The present invention belongs to the field of cells, and more particularly relates to a WAYNE293 LVPRO cell adapted to a serum-free medium environment, with short doubling time, high cell growth density and high virus packaging efficiency, and applications thereof.
With the development of cell and gene therapy industry, a method of introducing a target gene using a virus vector has become a new direction for people to treat congenital genetic diseases, leukemia, cancers and other major diseases.
At present, the virus vector is mainly prepared from HEK293 as a host cell by means of a method of using a cationic polymer or other chemical reagents to perform transient transfection. This is because HEK293 has certain advantages in transient transfection efficiency and virus packaging yield compared to other cells.
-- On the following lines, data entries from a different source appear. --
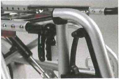
Footrest with a ratchet joint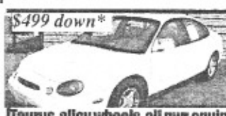
$499 down* Taurus, alloy wheels, all pwr equip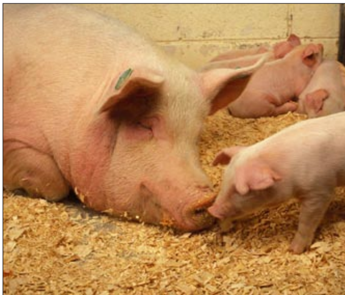
A sow and her piglets.

Designer of livestock handling facilities and an Associate Professor of Animal Science at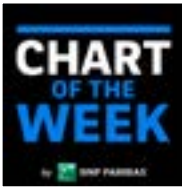
CHART OF THE WEEK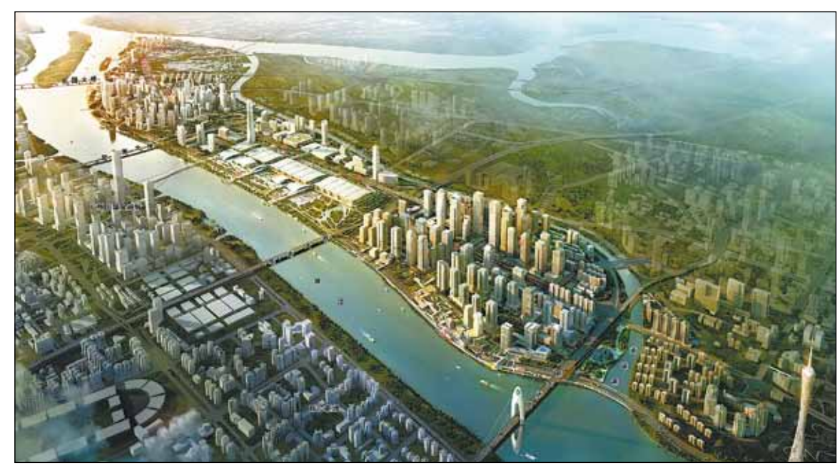
The Pazhou area in Haizhu is rising as a modern hub for traditional commerce and e-commerce as it is home to the Pazhou Complex of the Canton Fair and the planned Pazhou Internet Innovation Zone.

The city also ranks second in the indices of China's e-commerce application and development in 2014, said a report released by Alib-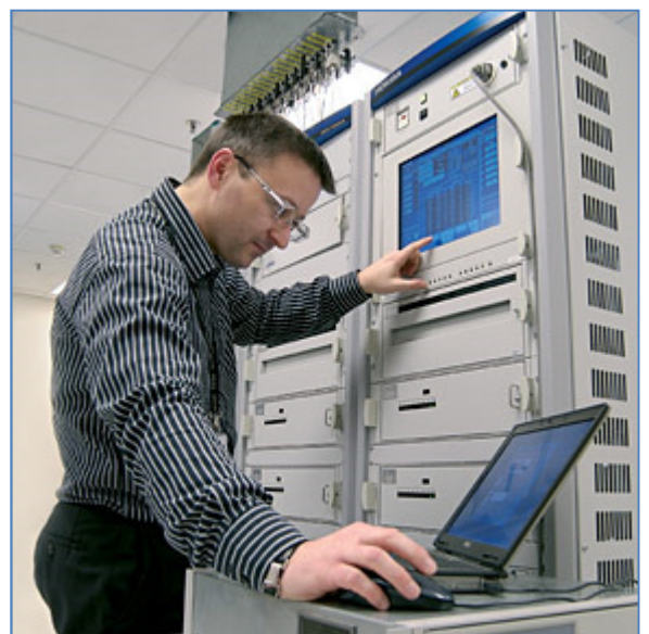
Modal Measurement (ENG TP): HORIBA 7500 Series

However, adherent culture is still used for most of the genes and cell therapy drugs that have been on the market currently. For example, a method of fetal bovine serum+basal medium is adopted in the process of HKE293 cell culture. The adherent culture has insurmountable difficulties in the later stage of industrialization. The number of cells is subject to a surface area of a culture flask, so the equipment investment and labor input will greatly increase the preparation cost of the virus vector if the production scale of the virus vector is expected to increase in the process of large-scale industrial production. Meanwhile, animal-derived fetal bovine serum still needs to be added in the adherent culture process at present as an essential cell culture raw material, which will bring inevitable risks in the safety of genes and cell therapy products.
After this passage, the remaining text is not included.